In a moment, motorcycles, but first a hypothesis: A midlife crisis can be a good thing. Follow the logic — what if it’s really a preemptive emotional turmoil meant to warn you of a dangerous stagnation in your mind, body, soul, marriage or career? A kind of idiot light blinking just before things start to seize up and you get, you know, old?

Not persuaded? Fine. Go fill out your AARP membership or look up osteoporosis on WebMD; go gently into that good night, ear hair endlessly tufting. Me, I prefer to think of midlife chaos as the psyche’s way of saying, We’ve only got a few good years left, and Law & Order will still be on when you’re old. Let’s do something.

Too often, of course, the something that men do is a 22-year-old dental hygenist not their wife. I chose a Kawasaki Ninja 250 instead; the sex isn’t as good, but I don’t have to buy it jewelry. Picked it up two years ago, not long after I turned 40. It’s a crotch rocket, so sleek and lethal and beautiful you grasp its youth-rejuvenating powers before you even ride it. Which is good, because other than a couple of tentative spins, during which I did the worst thing imaginable — rode ineptly enough to embarrass myself in full view of complete strangers speeding past me in cars — I haven’t ridden it. Never really learned how. Apparently, owning a sleek, beautiful death machine was enough to clear the fog of my midlife crisis.

However, for some reason, a motorcycle sitting unused in the garage for two years begins to seem like a bad investment to one’s wife. So it was that I recently found myself enrolled in the two-and-a-half-day motorcycle safety course offered through the community college. My goal: get licensed. I joined eight other novices, four men and four women, at the Henderson campus for two-and-a-half days of classroom learning and riding exercises.

Let’s skip the classroom stuff and instead picture me straddling a Ninja 250 (not mine, one provided for the course), wearing the mandatory long-sleeved shirt to protect me should a breeze threaten to take the edge off the broiling heat. My head is sweat-sealed into a steaming black helmet, and maybe it’s the heat, but I’m marveling at the way there’s so much more to cycling than learning to shift with your foot and brake with your hand — it’s about the big, recurring questions of life.

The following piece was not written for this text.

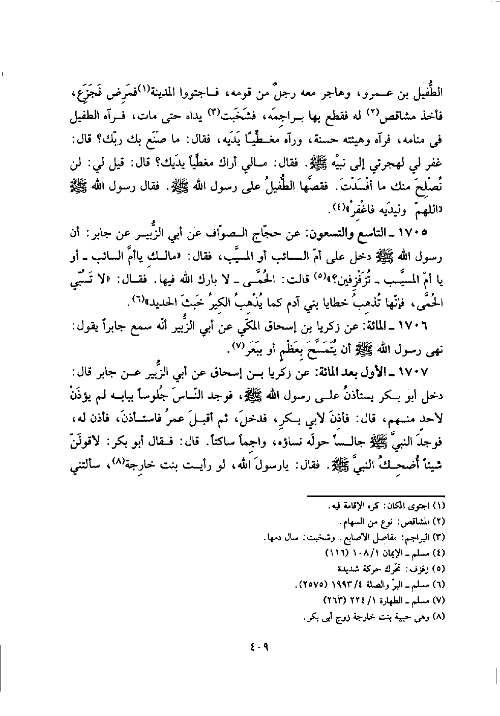 1705 - التَّاسِع وَالتِّسْعُونَ: عَن حجاج الصَّواف عَن أبي الزبير عَن جَابر: أَن رَسُول الله صلى الله عَلَيْهِ وَسلم دخل على أم السَّائِب أَو الْمسيب، فَقَالَ: " مَالك يَا أم السَّائِب - أَو يَا أم الْمسيب - تزفزفين؟ " قَالَت: الْحمى - لَا بَارك الله فِيهَا. فَقَالَ: " لَا تسبي الْحمى، فَإِنَّهَا تذْهب خَطَايَا بني آدم كَمَا يذهب الْكِير خبث الْحَدِيد ".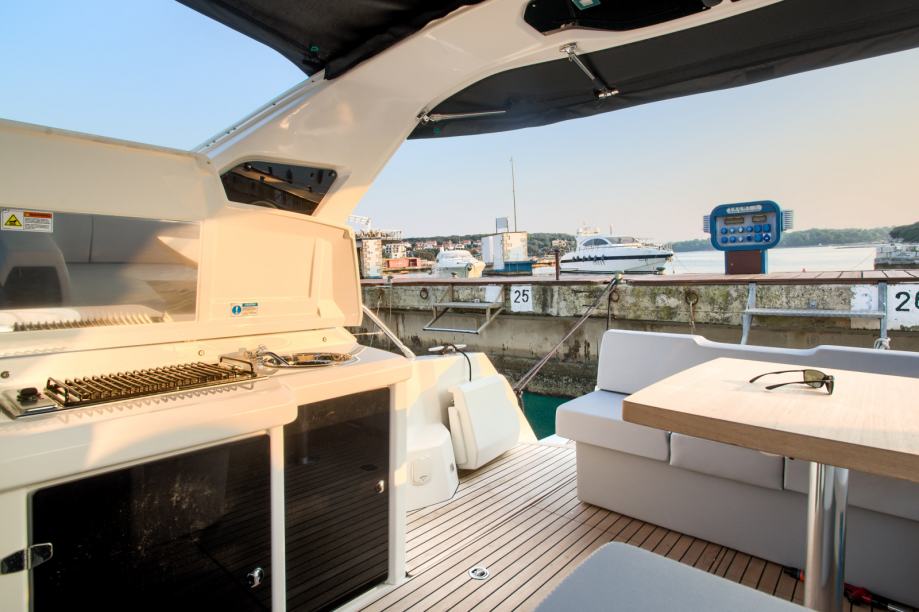 Anchor, Automatic Bilge Pump, Batteries, Battery charger, Bilge Alarm, Bow Thruster, cockpit table, Courtesy Lights, Deck Shower, Directional Spotlight, Draining System, Electric Bilge Pump, Electric Flaps, Electric Windlass, Engine Alarm, Fire Extinguishing System, Flaps Indicators, Gangway (carbon), Horn, Platform, Rollbar, Shorepower connector, swimming ladder, Teak Cockpit, Underwater lights, Water pressure pump, Winch Electric

“Do you know what you did wrong?” Guy Miller Jr. asked once I’d herky-jerked the Ninja to a stop beside him. Guy was one of our two instructors, a bony dude with a black cap riding backward on his shaved head. He arched an eyebrow over shades so tiny and round they couldn’t help but be cool.

Do I know what I did wrong? At the moment, the list seemed 42 years long, but I think Guy was less interested in answers like “Date that crazy girl in college” or “Get into journalism instead of mortuary cosmetics” than in an explanation for the graceless swoop I’d just made through the curved course.

“Looked down?” I asked.

He nodded wisely as the sun continued burning a half dome onto his forehead, above his hat strap. See, the key to riding curves is to not look down at your immediate path but well ahead — where you’re going. You will want to look down, of course. Gotta make sure the wheels are going where they should. It’s the novice in you, giving in to your lack of confidence. But this is a motorcycle, easy rider, and while you’re looking down, it’ll quickly overrun your peripheral vision’s ability to gauge what’s coming. Next thing you know, you’ll shoot off the course, and Guy might be posing questions of a somewhat harder nature.

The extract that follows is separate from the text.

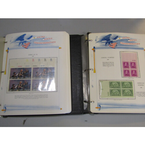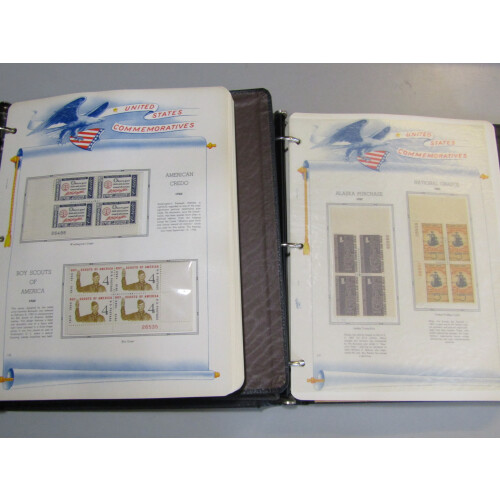 1940-1983 An extensive plate blocks collection of commemorative sets arranged in seven loose-leaf White Ace albums with special printed illustrated pages making a beautiful collection, noted Scott 859-893, 909-921. 100s.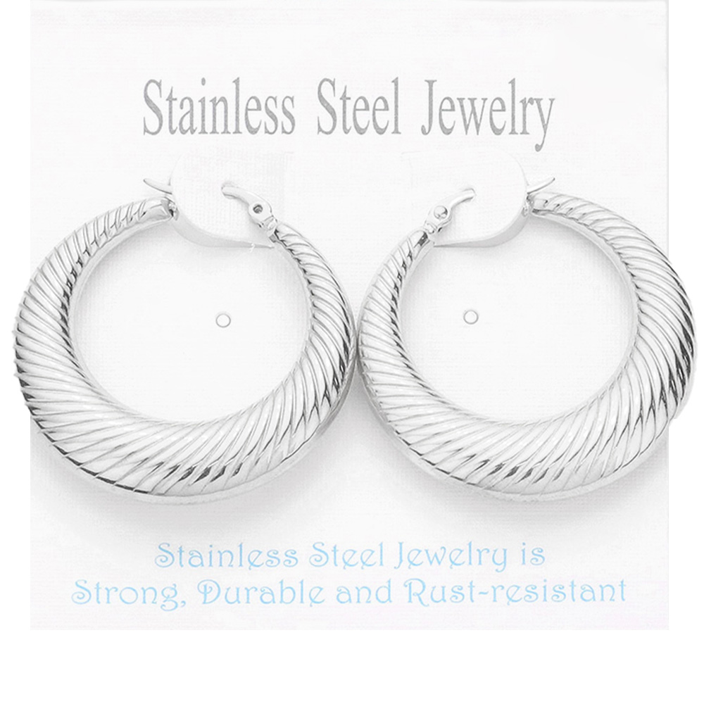 Stainless Steel Textured Hoop Pin Catch Earrings

I toed the bike into first and eased it toward the line for another go at the curves.

2. Trust your head, not your instinct

Motorcycling, like so much in life, is a process of translating what your head has learned into what your body does unthinkingly. The middleman here is your gut, which insists that when you’re deep into a slow, tight U-turn, it’s wrong to press the bike toward the ground, wrong to lean your body away, and to hell with your brain.

So I put my foot down during the U-turn exercise, a big mistake, and wobbled my bike outside the boundaries, another one.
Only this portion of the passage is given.